Penn State

Mark D. Shriver - Professor of Anthropology, College of the Liberal Arts

Book Title: Enhancing Evolution: The Ethical Case for Making Better People

Author: John Harris

Book Description:

What should people be permitted to know about their own genomes and the genomes of their future children? What choices should they be empowered to make based on this knowledge? Sadly, the answer many ethicists and fellow researchers give is “whatever a committee of experts decides.” As a father and as a scientist, I have always believed that we can come up with a better answer.

In 2007, I finally found clues to a better answer when I read the virtually unknown sleeper called Enhancing Evolution: The Ethical Case for Making Better People. Author John Harris rejects the prevailing dogma of genetic exceptionalism, standing out among his fellow bioethicists in his consideration of genetic technologies as extensions of other methods for ensuring one’s own health and the health of one’s children. Harris argues that individuals, not panels of academics, should be trusted and empowered to make their own reproductive decisions, using technologies such as gene therapy, IVF, and embryo selection. In an ethics dialogue that has, for decades, been focused on limiting personal autonomy, policing research, prohibiting technological developments, and restricting available interventions, Harris’s call for freedom is unique.
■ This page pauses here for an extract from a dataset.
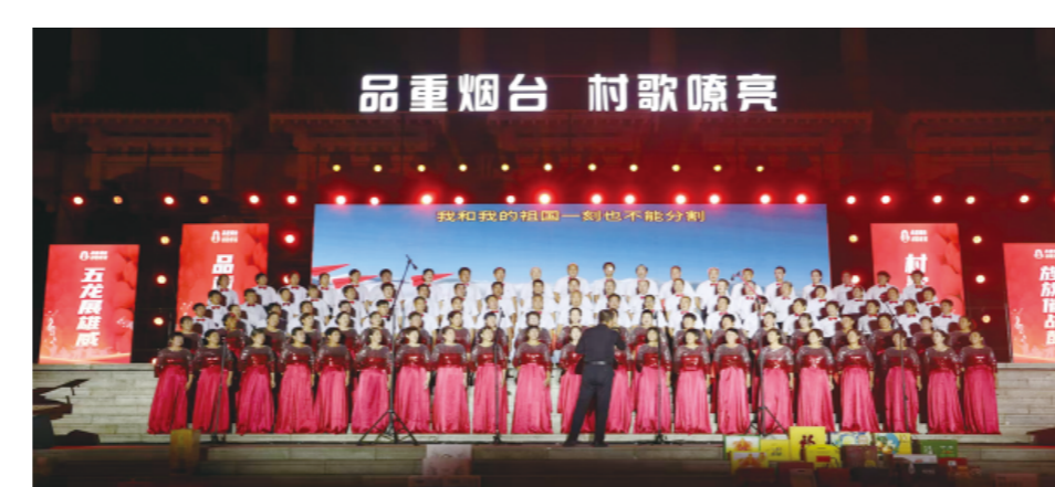
2025烟台村歌大赛赛成一种现象级乡村文化赛事

台作用，入企检查次数压减33%。开放赋能拓空间，双向投资合作提质增效。2025年，全国首创试保混金业务，对欧盟、共建“一带一路”国家进出口分别增长26.7%、131%。新增国际友城4个。举办重大招商活动20余场，引进千万美元项目30个，万华科威特股权投资到资6.38亿美元，是全省近年来最大的单体外资项目。

But equally important is his call for responsibility. Non-scientists, Harris argues, should support and participate in the very research that continues to improve human life and reduce suffering. If you’re not at the table; don’t be surprised when no one offers you a meal, to coin a phrase.

As future biomedical science emerges from yesterday’s scientific speculations, giving rise to an expansive postgenomic present, my hope is that more scientists and non-scientists will come to the table, as Harris urges. And, once they sit down, I hope that they begin by asking themselves, is “what should people be permitted to do?” even the right question? Do individuals not have ultimate ownership of their own reproductive systems? And must we assume our fellows’ reasons for genetic intervention are, by definition, nefarious? If four billion years of evolution have taught us anything, it is that “making better people” is an instinct that is programmed into all of us, whether we realize it or not. This instinct is not only a relic of our past; it is also the promise of our future.